Cuero & Encaje no era más que un club sexual con una fachada de discoteca normal, y aunque Paula quería estar disgustada por todo el asunto, no podía evitar un ligero balanceo de curiosidad cada vez que pensaba sobre el lugar y lo que pasaba dentro de las habitaciones de la segunda planta. ¿Había gente allí realmente echándose un polvo y participando en todo tipo de juegos sexuales?
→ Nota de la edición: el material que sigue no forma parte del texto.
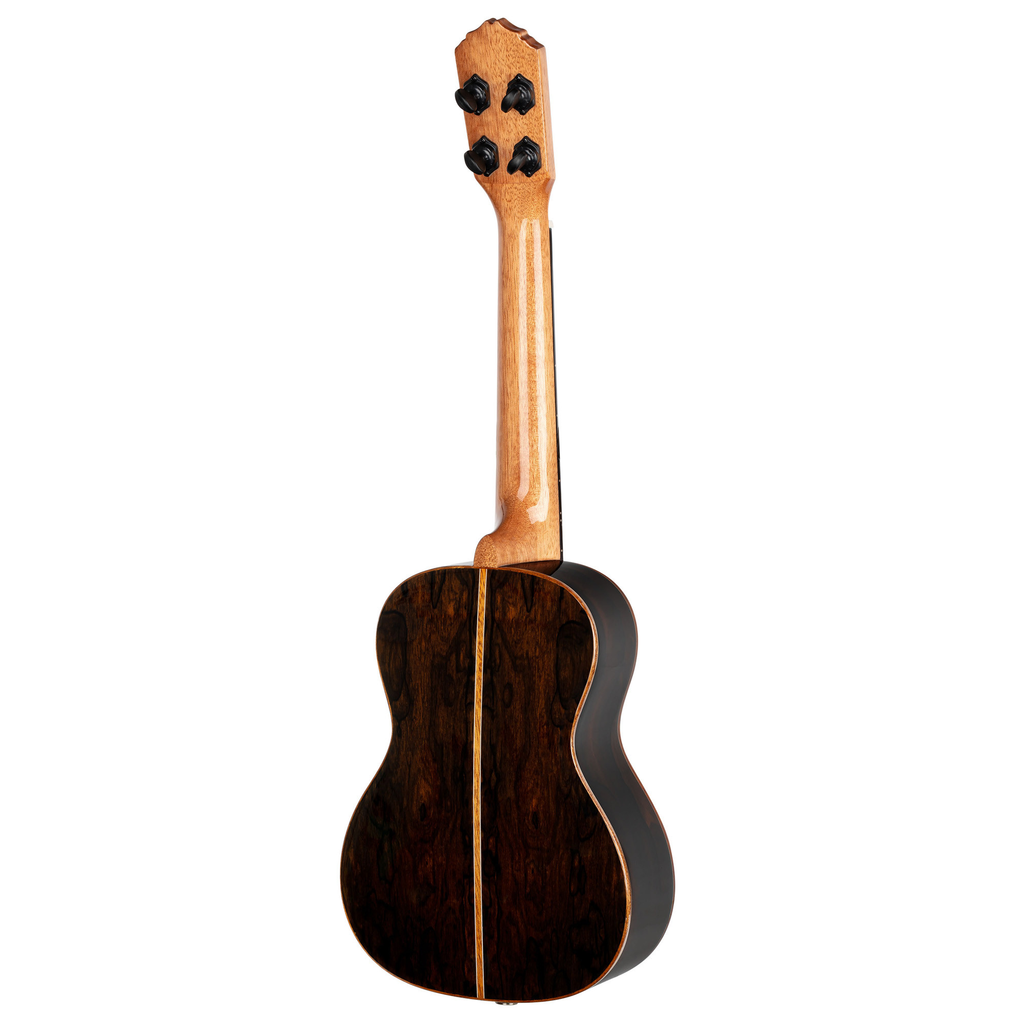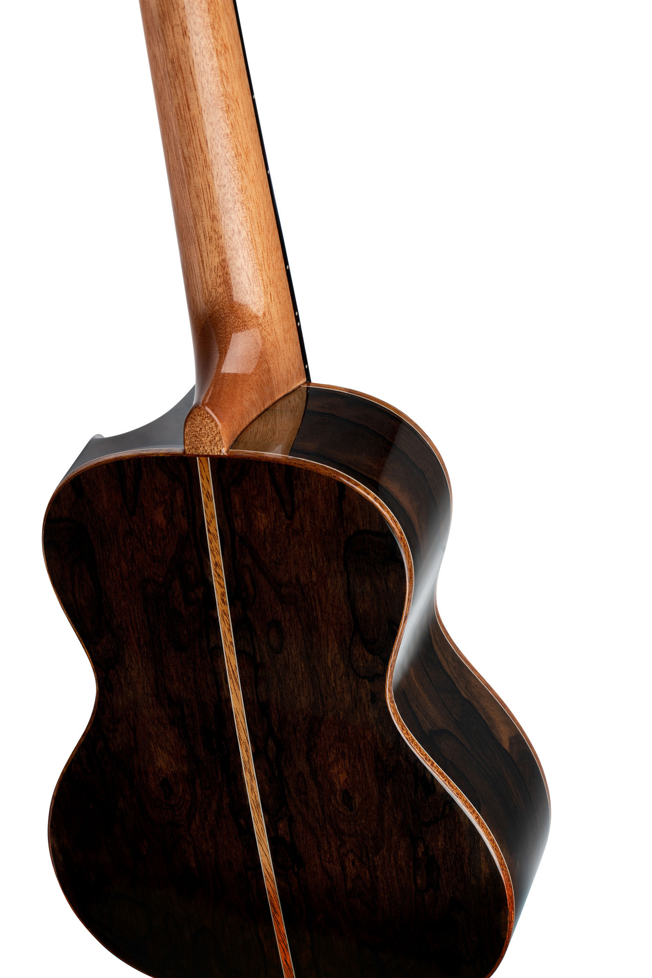 This model stands out for its selection of quality materials and components: solid ziricote top, ziricote back and sides, mahogany neck, walnut fingerboard and bridge, as well as abalone inlays in a tree of life style. The mahogany/maple binding, abalone soundhole rosette, and black Graph Tech tuners with black buttons complete the package. The 36 mm nut width and 380 mm scale length contribute to playing comfort suited to the concert format.

Bueno, ahora lo sabía a ciencia cierta.
Su mirada se arrastró entre Pedro y la mujer apenas vestida y en posición sobre sus manos y rodillas. Paula dudaba que buscara unos lentes de contacto perdidos vestida con un corsé y un poco más. A menos que su ropa se hubiera caído en el proceso.
La mirada de Paula se quedó en el pecho de la mujer, y de pronto se sintió como si estuviera usando un sujetador de niña. ¿Dios, esas cosas eran de verdad? Su mirada finalmente se movió hasta la cara de la mujer y algo sobre los bonitos rasgos le era familiar... Santa mierda, ¿no era la fiscal del distrito?
Oh, Dios.
Pedro se aclaró la garganta, atrayendo su atención hacia él. — ¿Tenemos que hablar? ¿Ahora mismo?
Por un momento, no pudo contestar. Sus breves encuentros con el hermano mayor de los Alfonso no habían hecho justicia a su memoria.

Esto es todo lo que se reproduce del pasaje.